8) Taxes (Theoretical Range: 0=no support for raising taxes; 100=full support for raising taxes): we focus on attitudes towards: taxation of the wealthy and the the middle class, as well as preferences on inheritance taxes, corporate taxes, and capital gains taxes.
9) Women’s Healthcare (Theoretical Range: 0=no support for women’s healthcare/reproductive rights; 100=full support for women’s healthcare/reproductive rights): we consider attitudes towards women's and girls' healthcare, including preferences on allowing access to birth control without parental consent, comprehensive sexual education in schools, and access to abortions in a variety of circumstances.
10) Religious Freedom (Theoretical Range: 0=no support for religious freedom to deny equal rights; 100=full support for religious freedom to deny equal rights): we consider attitudes toward conflicts between discrimination and religious freedom. Specifically, we gauge preferences on allowing to access the bathroom of choice for transgender people, adoption rights for LGBT couples, the right to deny certain procedures for religious hospitals, the right to withhold products from potential customers with sexual orientations offending the beliefs of the seller, and the right to let employees with non-conformist sexual orientation go, on the basis of religious beliefs.
While the end-result, individual-level scores, can readily be used for targeting and messaging, the key differentiator of the PredictWise data from untested competitors (read: Cambridge Analytica), is validation: The most interesting question – related to quality of the data – points to the usefulness of such data. Here, we focus on our scores of preferences for conservative gun policies, and roll up our scores to the state level. The resulting map comes with high face-validity. Overall, the country is very liberal on gun policies. Exceptions are the corridor around the northern national parks, specifically Montana, Idaho and North Dakota, as well as the the upper North East, specifically Maine, and West Virginia. On the other hand, the constituents of California, Michigan, and Wisconsin favor stricter gun control laws.
To assess whether we capture meaningful variation, we obtained data on firearm mortality from the CDC (for 2016). There is good evidence that state-level firearm mortality correlates with state-level gun laws, and if public opinion is a predictor of local policy, we should see a positive relationship between state-level preferences for conservative gun policies and firearm mortality. This is exactly what we find, visualized in the graph below.
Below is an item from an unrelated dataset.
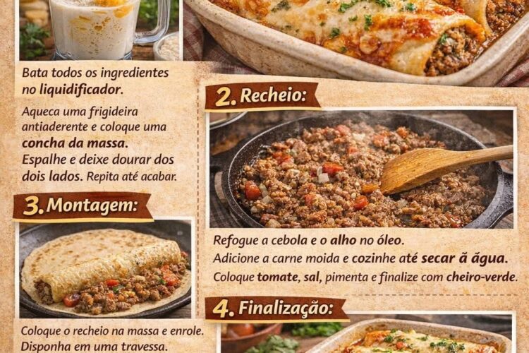 A panqueca de carne moída com molho é uma daquelas receitas clássicas que atravessam gerações. Presente nas mesas de família, nos almoços de domingo e até nas marmitas vendidas com carinho, ela combina simplicidade, economia e muito sabor. A massa leve e macia envolve um recheio bem temperado, suculento e equilibrado, enquanto o molho de tomate completa o prato trazendo um toque especial que deixa tudo ainda mais apetitoso.
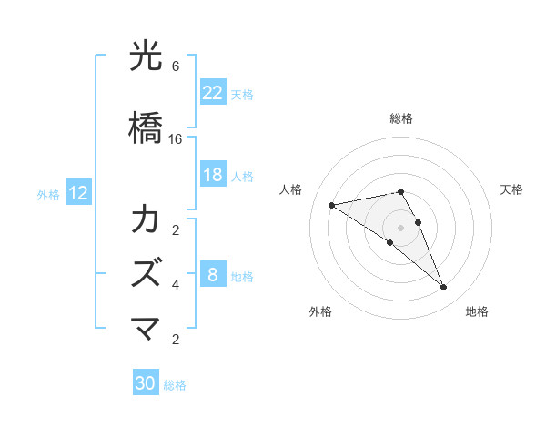 光橋 カズマさんの地格は8画の4点!

There is more validation work to be done in understanding these issue variables beyond showing they would be helpful in predicting real-world outcomes. First, we are exploring how these variables can help refine targets for likely marginal voters: both persuasion and likeness to vote. We have models for both, but do any of these variables make them better? Second, we will explore how these variables can help generate appropriate messaging for target populations, showing that advertisers should tailor messages based on these latent variables?